As an illustration, the annotators used queries like “a hermit crab using plastic waste as its shell” and “a California condor tagged with a green ‘26’” to discover the subsets of the larger image dataset that depict these specific, rare events.

Then, the researchers used the identical search queries to see how well VLMs could retrieve iNaturalist images. The annotators’ labels revealed when the models struggled to know scientists’ keywords, as their results included images previously tagged as irrelevant to the search. For instance, VLMs’ results for “redwood trees with fire scars” sometimes included images of trees with none markings.

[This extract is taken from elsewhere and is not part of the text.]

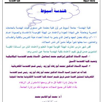 كلية الهندسة - جامعة أسيوط هي أول كلية معتمدة على مستوي كليات الهندسة بالجامعات المصرية وحاصلة على شهادة الجودة والاعتماد من الهيئة القومية للاعتماد والجودة عام٢٠١١ م، وذلك…
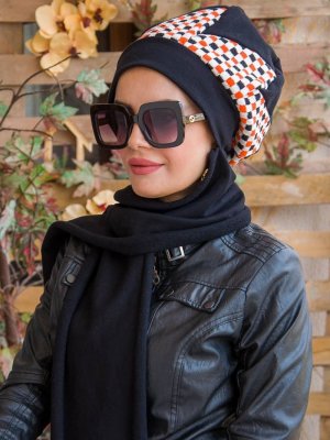 AİŞE TESETTÜR Siyah Dama Desen Bere

“That is careful curation of information, with a concentrate on capturing real examples of scientific inquiries across research areas in ecology and environmental science,” says Sara Beery, the Homer A. Burnell Profession Development Assistant Professor at MIT, CSAIL principal investigator, and co-senior creator of the work. “It’s proved vital to expanding our understanding of the present capabilities of VLMs in these potentially impactful scientific settings. It has also outlined gaps in current research that we are able to now work to handle, particularly for complex compositional queries, technical terminology, and the fine-grained, subtle differences that delineate categories of interest for our collaborators.”

“Our findings imply that some vision models are already precise enough to assist wildlife scientists with retrieving some images, but many tasks are still too difficult for even the most important, best-performing models,” says Vendrow. “Although INQUIRE is targeted on ecology and biodiversity monitoring, the big variety of its queries implies that VLMs that perform well on INQUIRE are more likely to excel at analyzing large image collections in other observation-intensive fields.”

Inquiring minds wish to see

Taking their project further, the researchers are working with iNaturalist to develop a question system to raised help scientists and other curious minds find the pictures they really wish to see. Their working demo allows users to filter searches by species, enabling quicker discovery of relevant results like, say, the varied eye colours of cats. Vendrow and co-lead creator Omiros Pantazis, who recently received his PhD from University College London, also aim to enhance the re-ranking system by augmenting current models to offer higher results.

University of Pittsburgh Associate Professor Justin Kitzes highlights INQUIRE’s ability to uncover secondary data. “Biodiversity datasets are rapidly becoming too large for any individual scientist to review,” says Kitzes, who wasn’t involved within the research. “This paper draws attention to a difficult and unsolved problem, which is the right way to effectively search through such data with questions that transcend simply ‘who’s here’ to ask as an alternative about individual characteristics, behavior, and species interactions. Having the ability to efficiently and accurately uncover these more complex phenomena in biodiversity image data will probably be critical to fundamental science and real-world impacts in ecology and conservation.”

Vendrow, Pantazis, and Beery wrote the paper with iNaturalist software engineer Alexander Shepard, University College London professors Gabriel Brostow and Kate Jones, University of Edinburgh associate professor and co-senior creator Oisin Mac Aodha, and University of Massachusetts at Amherst Assistant Professor Grant Van Horn, who served as co-senior creator. Their work was supported, partly, by the Generative AI Laboratory on the University of Edinburgh, the U.S. National Science Foundation/Natural Sciences and Engineering Research Council of Canada Global Center on AI and Biodiversity Change, a Royal Society Research Grant, and the Biome Health Project funded by the World Wildlife Fund United Kingdom.